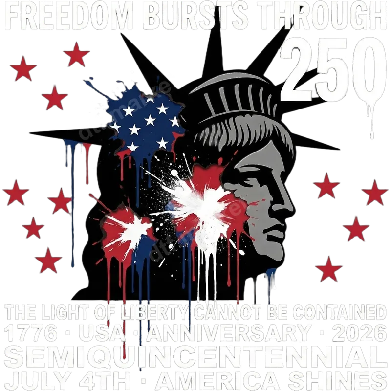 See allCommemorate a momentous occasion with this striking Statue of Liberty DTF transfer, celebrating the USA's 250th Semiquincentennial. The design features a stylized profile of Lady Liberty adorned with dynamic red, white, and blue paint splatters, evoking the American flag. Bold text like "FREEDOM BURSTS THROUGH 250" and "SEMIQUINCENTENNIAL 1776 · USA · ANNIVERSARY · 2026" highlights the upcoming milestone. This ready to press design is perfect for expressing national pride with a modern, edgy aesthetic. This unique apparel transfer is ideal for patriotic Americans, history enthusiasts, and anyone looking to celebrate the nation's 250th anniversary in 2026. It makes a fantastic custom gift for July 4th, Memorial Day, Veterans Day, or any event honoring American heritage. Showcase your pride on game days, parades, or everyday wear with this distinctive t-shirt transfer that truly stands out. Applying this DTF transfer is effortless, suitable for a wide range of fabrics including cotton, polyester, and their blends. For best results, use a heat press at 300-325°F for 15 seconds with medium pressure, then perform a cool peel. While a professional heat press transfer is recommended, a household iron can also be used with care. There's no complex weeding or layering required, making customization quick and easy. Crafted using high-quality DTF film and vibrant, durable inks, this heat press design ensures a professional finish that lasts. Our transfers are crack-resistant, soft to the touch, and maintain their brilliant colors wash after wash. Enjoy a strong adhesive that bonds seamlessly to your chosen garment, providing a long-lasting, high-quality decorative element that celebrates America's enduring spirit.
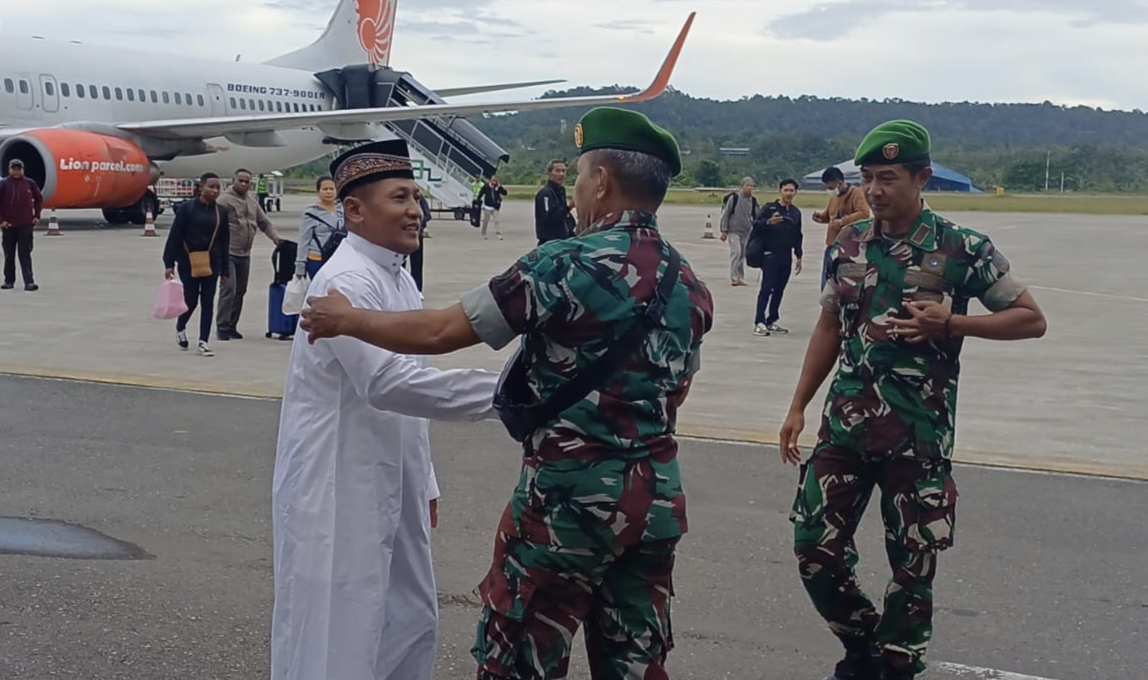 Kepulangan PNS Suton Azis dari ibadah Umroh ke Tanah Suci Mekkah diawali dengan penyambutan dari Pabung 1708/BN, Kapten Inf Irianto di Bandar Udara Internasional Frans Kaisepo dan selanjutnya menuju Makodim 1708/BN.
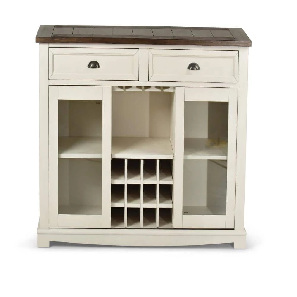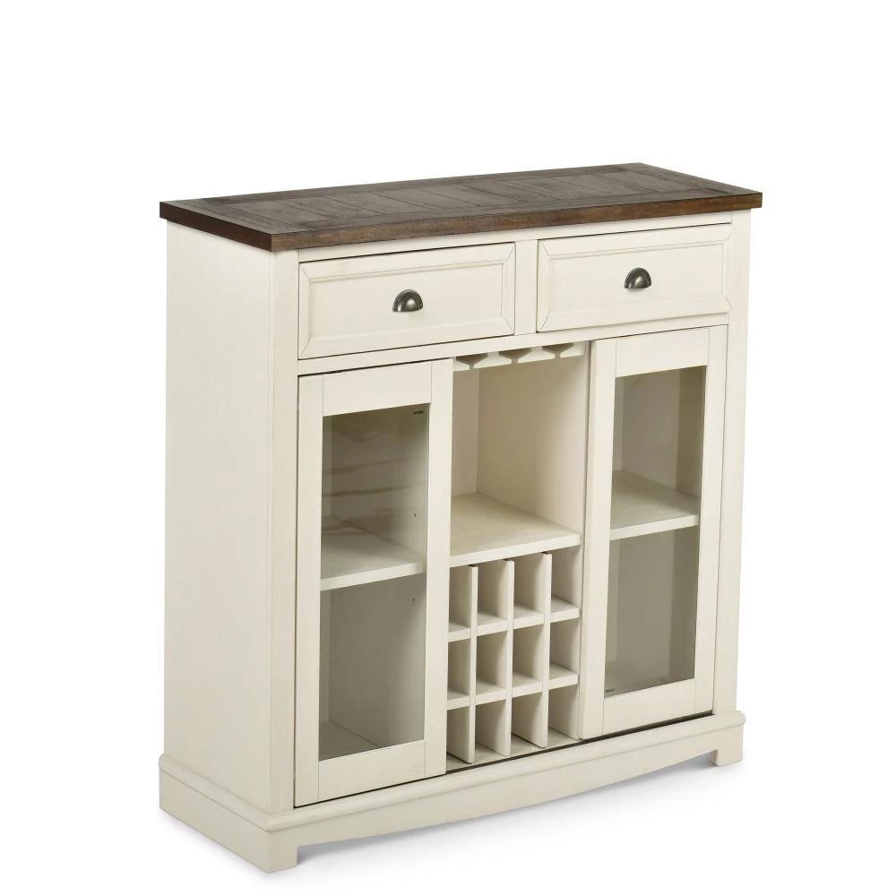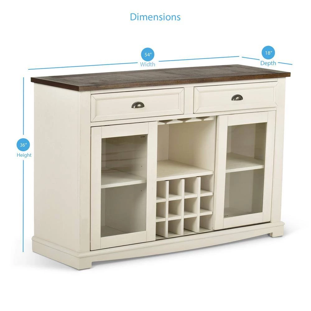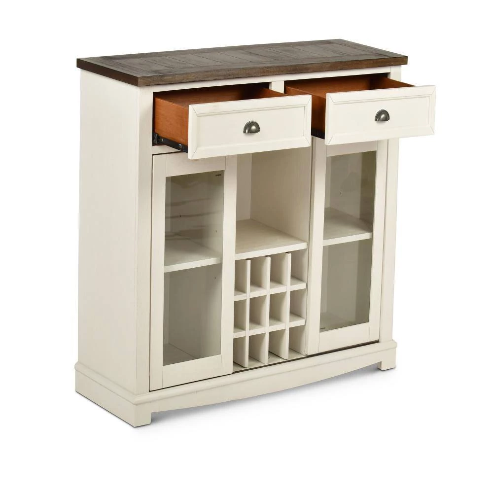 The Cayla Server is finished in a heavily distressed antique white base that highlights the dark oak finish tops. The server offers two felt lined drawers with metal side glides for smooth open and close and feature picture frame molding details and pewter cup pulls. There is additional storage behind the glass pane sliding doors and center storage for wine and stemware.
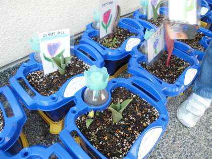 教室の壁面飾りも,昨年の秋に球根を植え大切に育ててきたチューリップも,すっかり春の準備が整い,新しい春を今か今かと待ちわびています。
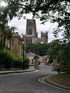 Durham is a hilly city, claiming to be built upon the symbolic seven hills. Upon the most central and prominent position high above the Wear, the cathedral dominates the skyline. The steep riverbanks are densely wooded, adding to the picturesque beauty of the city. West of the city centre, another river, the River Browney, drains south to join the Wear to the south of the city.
# # #
WHAT IS BEING ASKED -
Every line of the listing above is to be set down verbatim, without the pictures.

PROBLEM SOLUTION -
 See allCommemorate a momentous occasion with this striking Statue of Liberty DTF transfer, celebrating the USA's 250th Semiquincentennial. The design features a stylized profile of Lady Liberty adorned with dynamic red, white, and blue paint splatters, evoking the American flag. Bold text like "FREEDOM BURSTS THROUGH 250" and "SEMIQUINCENTENNIAL 1776 · USA · ANNIVERSARY · 2026" highlights the upcoming milestone. This ready to press design is perfect for expressing national pride with a modern, edgy aesthetic. This unique apparel transfer is ideal for patriotic Americans, history enthusiasts, and anyone looking to celebrate the nation's 250th anniversary in 2026. It makes a fantastic custom gift for July 4th, Memorial Day, Veterans Day, or any event honoring American heritage. Showcase your pride on game days, parades, or everyday wear with this distinctive t-shirt transfer that truly stands out. Applying this DTF transfer is effortless, suitable for a wide range of fabrics including cotton, polyester, and their blends. For best results, use a heat press at 300-325°F for 15 seconds with medium pressure, then perform a cool peel. While a professional heat press transfer is recommended, a household iron can also be used with care. There's no complex weeding or layering required, making customization quick and easy. Crafted using high-quality DTF film and vibrant, durable inks, this heat press design ensures a professional finish that lasts. Our transfers are crack-resistant, soft to the touch, and maintain their brilliant colors wash after wash. Enjoy a strong adhesive that bonds seamlessly to your chosen garment, providing a long-lasting, high-quality decorative element that celebrates America's enduring spirit.
 Kepulangan PNS Suton Azis dari ibadah Umroh ke Tanah Suci Mekkah diawali dengan penyambutan dari Pabung 1708/BN, Kapten Inf Irianto di Bandar Udara Internasional Frans Kaisepo dan selanjutnya menuju Makodim 1708/BN.
 The Cayla Server is finished in a heavily distressed antique white base that highlights the dark oak finish tops. The server offers two felt lined drawers with metal side glides for smooth open and close and feature picture frame molding details and pewter cup pulls. There is additional storage behind the glass pane sliding doors and center storage for wine and stemware.
 教室の壁面飾りも,昨年の秋に球根を植え大切に育ててきたチューリップも,すっかり春の準備が整い,新しい春を今か今かと待ちわびています。
 Durham is a hilly city, claiming to be built upon the symbolic seven hills. Upon the most central and prominent position high above the Wear, the cathedral dominates the skyline. The steep riverbanks are densely wooded, adding to the picturesque beauty of the city. West of the city centre, another river, the River Browney, drains south to join the Wear to the south of the city.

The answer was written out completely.